What you will do: One range is to be output from the listing below, exactly as written: the line with "Enabled: When this" to the line with "В данном пособии", both kept.

Given records:

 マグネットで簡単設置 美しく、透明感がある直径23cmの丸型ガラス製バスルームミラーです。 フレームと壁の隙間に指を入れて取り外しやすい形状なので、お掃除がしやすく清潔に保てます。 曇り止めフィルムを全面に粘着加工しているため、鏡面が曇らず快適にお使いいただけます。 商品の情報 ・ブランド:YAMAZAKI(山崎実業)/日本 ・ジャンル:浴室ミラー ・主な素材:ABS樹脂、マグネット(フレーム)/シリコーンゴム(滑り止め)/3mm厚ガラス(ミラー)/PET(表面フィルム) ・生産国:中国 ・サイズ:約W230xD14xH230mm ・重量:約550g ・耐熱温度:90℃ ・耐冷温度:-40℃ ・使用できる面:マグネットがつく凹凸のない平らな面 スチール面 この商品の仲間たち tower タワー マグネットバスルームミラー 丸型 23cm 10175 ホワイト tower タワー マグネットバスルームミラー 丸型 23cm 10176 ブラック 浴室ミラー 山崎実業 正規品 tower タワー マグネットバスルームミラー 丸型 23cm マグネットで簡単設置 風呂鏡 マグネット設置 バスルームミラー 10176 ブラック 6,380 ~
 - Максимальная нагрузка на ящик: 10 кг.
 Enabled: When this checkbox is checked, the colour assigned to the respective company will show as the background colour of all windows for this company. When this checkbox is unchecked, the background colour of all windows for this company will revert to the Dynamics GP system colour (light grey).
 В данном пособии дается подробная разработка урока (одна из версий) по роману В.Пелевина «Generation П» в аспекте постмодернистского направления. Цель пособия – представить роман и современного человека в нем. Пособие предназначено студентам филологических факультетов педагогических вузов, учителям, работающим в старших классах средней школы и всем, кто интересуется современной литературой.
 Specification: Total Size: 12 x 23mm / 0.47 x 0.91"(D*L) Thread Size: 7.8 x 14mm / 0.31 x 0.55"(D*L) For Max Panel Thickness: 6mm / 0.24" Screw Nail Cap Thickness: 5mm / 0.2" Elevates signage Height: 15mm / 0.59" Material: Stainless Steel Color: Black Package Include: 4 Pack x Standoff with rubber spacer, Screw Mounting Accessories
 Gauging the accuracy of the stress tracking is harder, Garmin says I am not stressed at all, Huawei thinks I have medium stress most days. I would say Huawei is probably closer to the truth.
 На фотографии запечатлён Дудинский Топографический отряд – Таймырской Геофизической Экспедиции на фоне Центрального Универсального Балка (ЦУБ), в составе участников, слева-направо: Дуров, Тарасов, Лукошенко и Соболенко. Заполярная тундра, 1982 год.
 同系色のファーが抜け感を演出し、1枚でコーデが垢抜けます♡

Answer to this task:
 Enabled: When this checkbox is checked, the colour assigned to the respective company will show as the background colour of all windows for this company. When this checkbox is unchecked, the background colour of all windows for this company will revert to the Dynamics GP system colour (light grey).
 В данном пособии дается подробная разработка урока (одна из версий) по роману В.Пелевина «Generation П» в аспекте постмодернистского направления. Цель пособия – представить роман и современного человека в нем. Пособие предназначено студентам филологических факультетов педагогических вузов, учителям, работающим в старших классах средней школы и всем, кто интересуется современной литературой.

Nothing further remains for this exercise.